EMPTY CHAIRS AT EMPTY TABLES
copperpaw / thunderclan apprentice / ♀ / tags
*:・゚✦ New-leaf is pleasant, Copperpaw thought. A time where life springs triumphantly from a graveyard of miscellaneous plant matter and a time when the birds begin to sing and call again and the holly grows forth again. Nature was slowly taking back her rightful queen from the cold, wretched clutches of leaf-bare and the flora was surging up again with a fury unseen in any inorganic matter. While there were still a few particularly nippy days and bitter winds to be had, the sun was slowly strengthening and the sunshine growing warmer. Copperpaw would have liked to embrace the natural beauty of the season in any way she could, but at the very cusp of the turn of the moon, she had been afflicted with an aggressive strain of the flu. Fevers, cold sweats, chronic sneezing and fatigue, she had them all and she hardly found time to even exit the medicine den for a few heartbeats. She was quarantined, a lonely face drifting in the darkness of the sage brush that could only be seen if a temporary patient bypassed the cloud of invisibility and looked past the walls the apprentice had tirelessly constructed. Her features were blurred in the memories of the clan, and many who passed through the Medicine Den hardly even knew she was there because she had steadily blended into the background, just another decorative fixture on the proverbial mantle.

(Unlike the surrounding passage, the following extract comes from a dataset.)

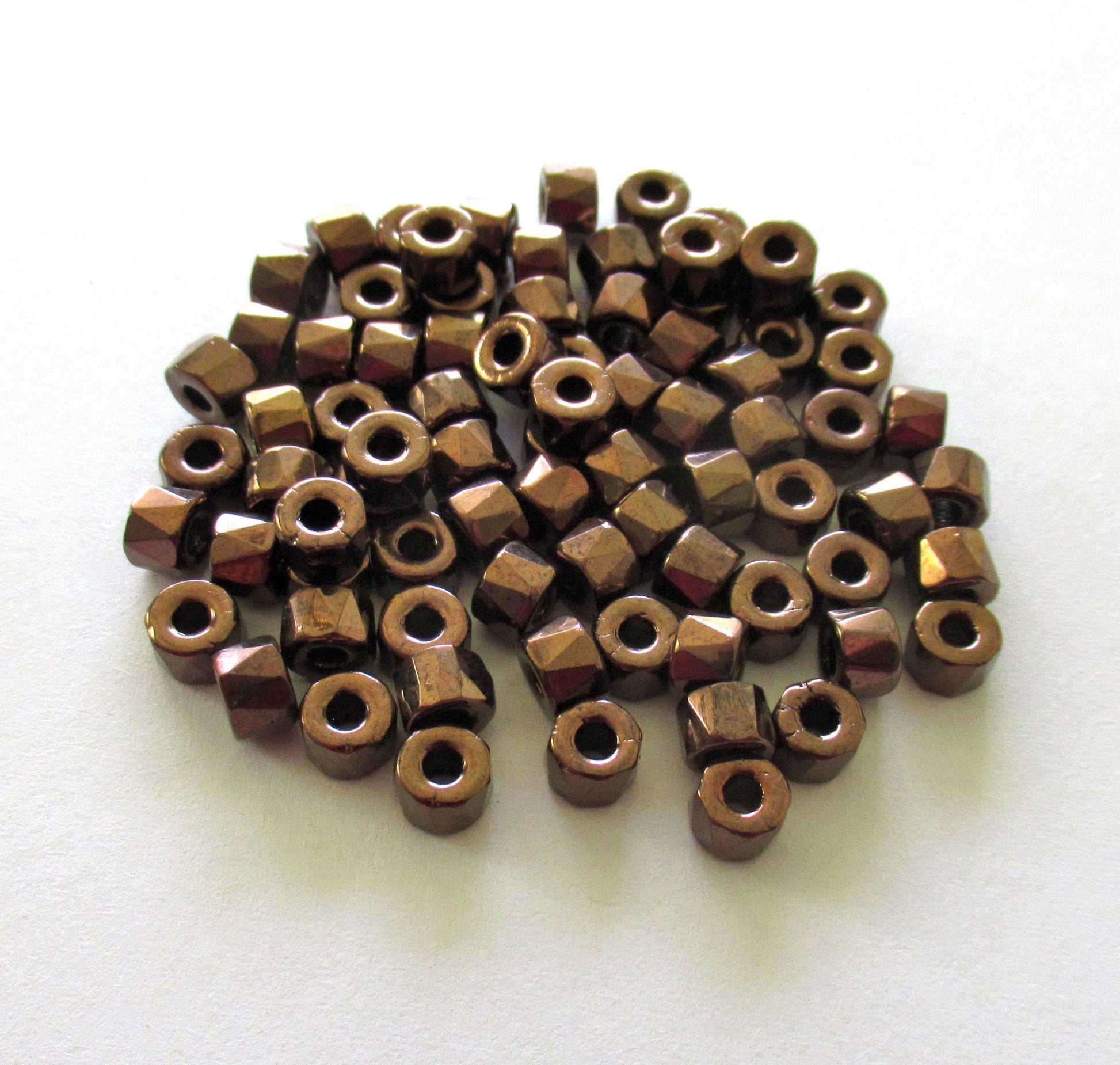 50 6mm Czech glass pony beads - bronze crow, roller beads - large hole brown faceted fire polished beads, C00422

Today, however, she was hungry. It was not a slight grumbling within the realms of her shrunken stomach, but it was a ravenous need for food that fueled her shriveled, thin body beyond the length from the medicine den to the fresh-kill pile. The dappled brown feathers of a starling twinkled within her glossy amber eye, and the mere sight made her mouth salivate with anticipation and want. She could feel her body subconsciously make room for the rare meal, as if it knew nourishment would soon arrive and it only had to tide itself over for a few more seconds. Another step into the grass and Copperpaw was suddenly hit with a wall of pure stench that permeated the area and made her eye water with the redolence. She powered through for a few more steps only to hook a claw into the downy feathers of the starling and toss it away from the stink, then evacuate the area herself. It wasn't until she cut open the belly of the starling that she felt her body fully reject any food offered.
Crawling inside the very organs of the long dead avian, a writhing mass of maggots wriggled and squirmed so that an audible squelching noise rang through her ears with every vague movement. She swallowed thickly to dispel the bile steadily rising in her throat, and the sickly feeling ceased for only a few heartbeats before it surged back up her esophagous with a vengeance. Dashing away from the infested starling, Copperpaw dry heaved into the foliage. She didn't have an appetite anymore.